Tom’s verlustfreier Audiokompressor (TAK, german for Tom’s lossless audio compressor, he also calls it Tom’s lossless Audio Kompressor sometimes) is a lossless audio compressor which promises compression performance similar to Monkey’s Audio “High” and decompression speed similar to FLAC. The codec also supports streaming (necessary headers for decompressing the audio are written to the stream every 2 seconds), error tolerance (single bit error will never affect more than 250 ms) and detection with checksums in compressed audio streams. While the basic format is ready and safe to use, many features such as internal tagging, playback support for other players are yet to be implemented.

The reference implementation are two Windows applications – one with graphical and one with command line interface – currently written in Pascal with Assembler optimizations.

Contents

[edit] Features

The current reference binary offers six presets with different levels of complexity (“Turbo”, “Fast”, “Normal”, “High”, “Extra” and “Insane”) that can be combined with two levels of extra evaluation (“Extra” and “Max”) for some additional compression sacrificing only compression time.

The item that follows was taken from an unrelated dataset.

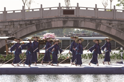 10月24日,为期5天的第二季新市古镇舞蹈艺术季在湖州市德清县新市古镇开幕。这是浙江音乐学院表演者在新市古镇南栅漾表演舞蹈《烟波唱晚》。

As of 1.0.3 there is piping support for encoding.

[edit] Pros

  • Fast encoding speed (while providing better compression, TAK encodes as fast as FLAC -8 in TAK's “Insane” and several times faster in “Turbo” mode)
  • Fast decompression speed (on par with FLAC / WavPack)
  • Good compression levels (on par with Monkey’s Audio High)
  • Error Robustness
  • Fast Seeking

[edit] Cons

  • Closed Source (at the moment)
  • No hardware support. Since it is an asymmetric codec with very fast decoding it is an ideal candidate for hardware support, though.
  • Very limited software support (only Winamp, Quintessential Media Player & foobar2000 plugins at the moment)
  • Tagging is not mature at the moment (APEv2 tags can be added using third party software)
  • Windows only

[edit] Future Features

  • Internal tagging.
  • Unicode support.
  • MD5 audio checksums for verification and identification.
  • A German version.
  • Embedded cue sheets (currently works with foobar2000 plug-in).
  • Embedded cover art.
  • Multichannel audio.

[edit] Software that support TAK

  • TAK SDK – Software Development Kit for TAK
  • Winamp/XMPlay Plugin
  • foo_input_tak, TAK decoder for foobar2000
  • TAK plug-in for Quintessential Player
  • Native playback support included in Tuniac
  • Mp3tag (since version 2.38), Multifeatured-multiformat freeware tagger
  • shntool (since version 3.0.6)
  • The TAK reference applications are both known to run on Linux via Wine.[1]

[edit] Recommended Settings

The “Insane” preset with “Maximum” switch gives the best compression TAK can deliver (takc -e -p5m [input file]); fastest compression is obtained with “Turbo” preset (takc -e -0 [input file]).
APEv2 should be used as tagging scheme (will be used as internal tagging).